For years, the long-awaited second chapter to Matt Reeves’ atmospheric 2022 film, The Batman, has resided in a murky cloud of uncertainty. Although its eventual arrival is expected for October 2027, the exact vision of the movie have remained veiled in secrecy. Whole cycles could elapse before the director decides upon which infamous foe from Batman’s vast gallery of villains to feature next.
Unexpectedly – from the blue this week’s report that Scarlett Johansson is in final talks to enter the cast of the sequel. The identity she might take on remains unclear, but that hardly detracts from the significance of the development: it feels pivotal, a long-dormant signal over a seemingly dormant universe. Johansson is more than an A-list star; she is one of the few performers who consistently draws audiences while simultaneously upholding substantial critical cachet.

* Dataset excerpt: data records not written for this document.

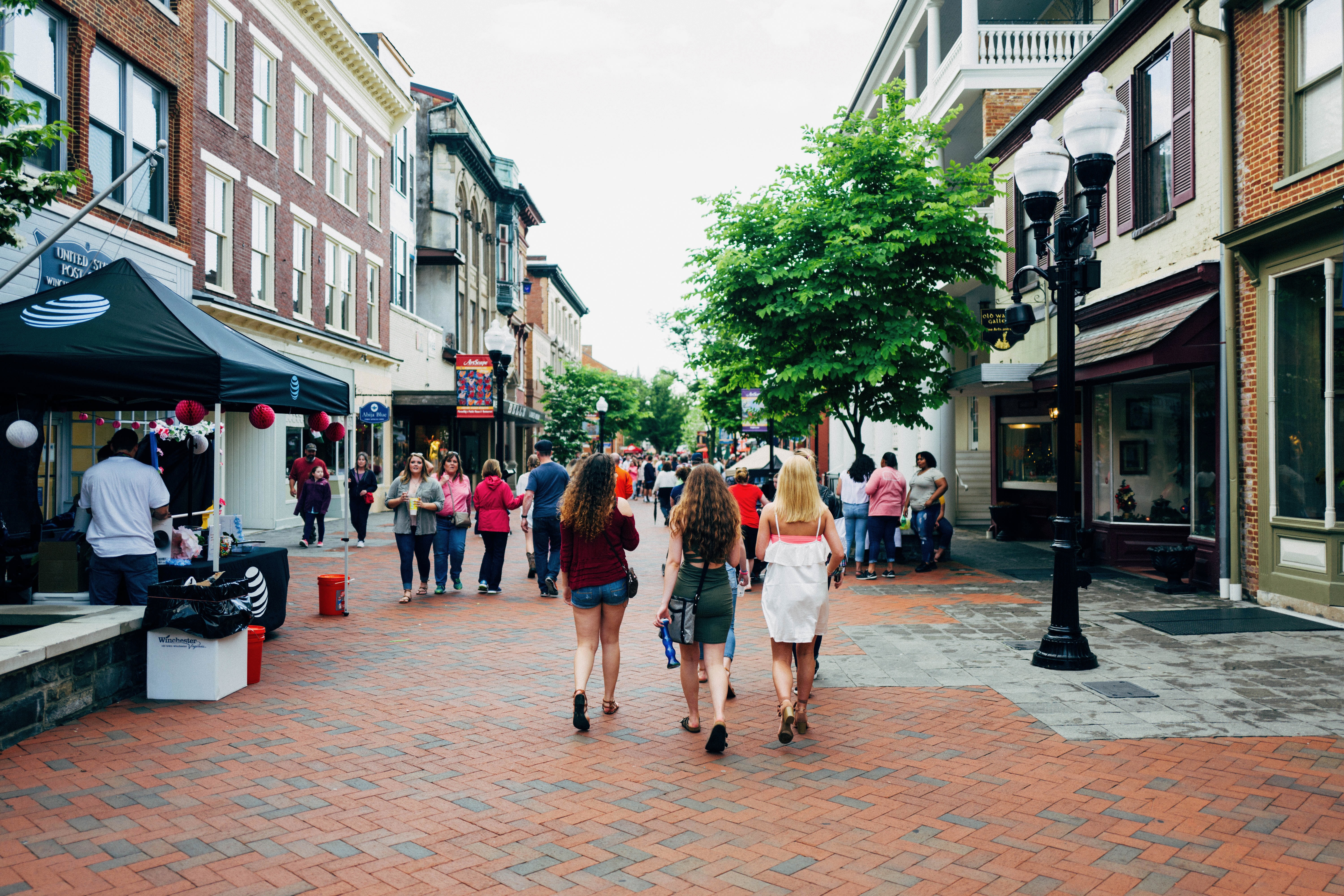 The photograph captures a vibrant street scene filled with groups of people and an inviting atmosphere. The three women in the foreground stroll leisurely, their relaxed demeanor echoing the warm community vibe, while subtle overcast lighting enhances the rich colors of the historic buildings. The composition draws the eye down the winding path, inviting viewers to explore the lively shops and tall trees lining the way.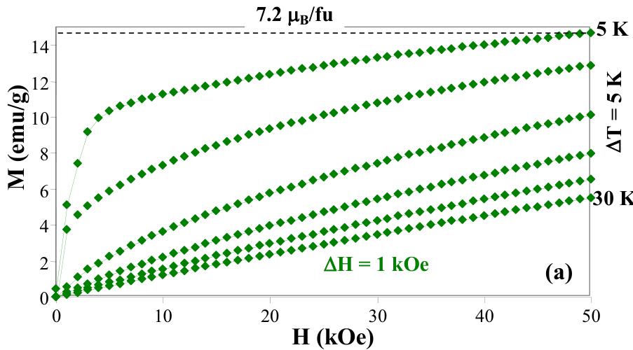 using the following formula \( \Delta S(T)_{mag} = \sum_{i} \frac{M_{i+1} - M_{i}}{T_{i+1} - T_{i}} \Delta H \) , where \( \Delta H \) is a magnetic field step and \( M_{i} \) and \( M_{i+1} \) are the values of magnetization at temperatures \( T_{i} \) and \( T_{i+1} \) , respectively [21]. The magnetic entropy change, \( \Delta S_{m} \) , for \( \Delta H = 0-50 \) kOe is plotted in Fig. 2b. As expected for a second order magnetic transition, \( \Delta S_{m} \) peaks around the Curie temperature and has a maximum value of -3.3 J/kg·K.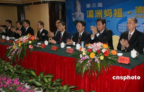 第三屆湄洲媽祖·海峽論壇10月30日在媽祖故鄉(xiāng)福建莆田開幕。全國政協(xié)副主席張克輝發(fā)來賀信,中國僑聯(lián)主席林兆樞出席開幕式。來自中國、菲律賓、日本、澳大利亞、新西蘭、馬來西亞、印尼、新加坡、巴拉圭、南非、荷蘭、臺灣、香港等13個(gè)國家和地區(qū)的一百多名僑領(lǐng)以及媽祖文化專家、學(xué)者,將圍繞“媽祖文化與華人華僑”主題進(jìn)行為期兩天的研討交流。出席開幕式的還有福建省政協(xié)副主席、統(tǒng)戰(zhàn)部長張燮飛等。中新社發(fā) 張勤 攝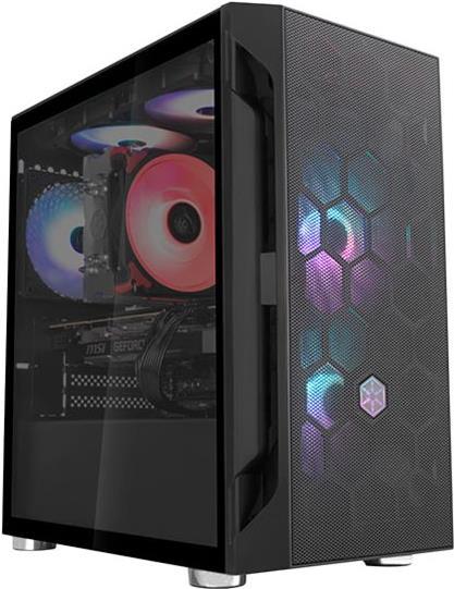 Einzigartiges Design und hohe Kompatibilität des FARA H1 M tragen erheblich zum Nutzwert bei. Seine Frontblende verfügt über ein Bienenwaben-Gitterdesign aus Stahl und RGB-Beleuchtung am SilverStone-Logo; ermöglicht die Installation von zwei 120- oder 140-mm-Lüftern, was ausgezeichnete Luftversorgung zur Kühlung interner Komponenten gewährleistet.

Historically, the knee-jerk speculation might have focused on Johansson as figures such as Poison Ivy or Harley Quinn. However, both are appears particularly plausible. First, Reeves’ take of Gotham, as shown in the 2022 film, was intentionally grounded and conventional. That universe appears distinct from a broader shared universe where metahumans coexist with Batman’s more homegrown enemies.
Reeves plainly prefers a gritty and psychologically realistic Gotham. His antagonists are not world-ending threats; they are complex characters often defined by unresolved issues. Moreover, with Harley Quinn’s recent incarnation elsewhere and another actress firmly established as Sofia Falcone in a related series, the pool of major female roles from the Batman canon looks somewhat narrow.
There has been considerable conjecture that Johansson could be playing Andrea Beaumont, also known as the Phantasm. This character, a traumatized assassin from Bruce Wayne’s past, seems to fit neatly with Reeves’ known taste for Gotham tales rooted in crime. The director has recently teased looking for an antagonist who digs into Batman’s past life, a criteria that Beaumont fulfills with ease.
“An old flame of Bruce Wayne’s, whose trauma curdled into relentless justice.”
In the 1993 animated film, her narrative even provides a potential link to introduce the Joker as a petty gangster – a story beat that could allow Reeves to start setting up that clown prince for a future chapter.
Maybe the even more notable inquiry involves what a extended hiatus between films implies for a series originally planned as a focused arc. Sagas are typically designed to build pace, not risk stagnating into prestige curios. Yet, that seems to be the unique situation. It could be that is the strange nature of this sodden cinematic world.
In the end, if Johansson really is joining the world, it as a minimum signals that the Reeves-Pattinson vision is stirring again, no matter how cautiously. With luck, the next film may just make its way into theaters before the corporate machinery announces the subsequent version of the Dark Knight.
A passionate writer and digital content creator with a focus on literature and modern culture.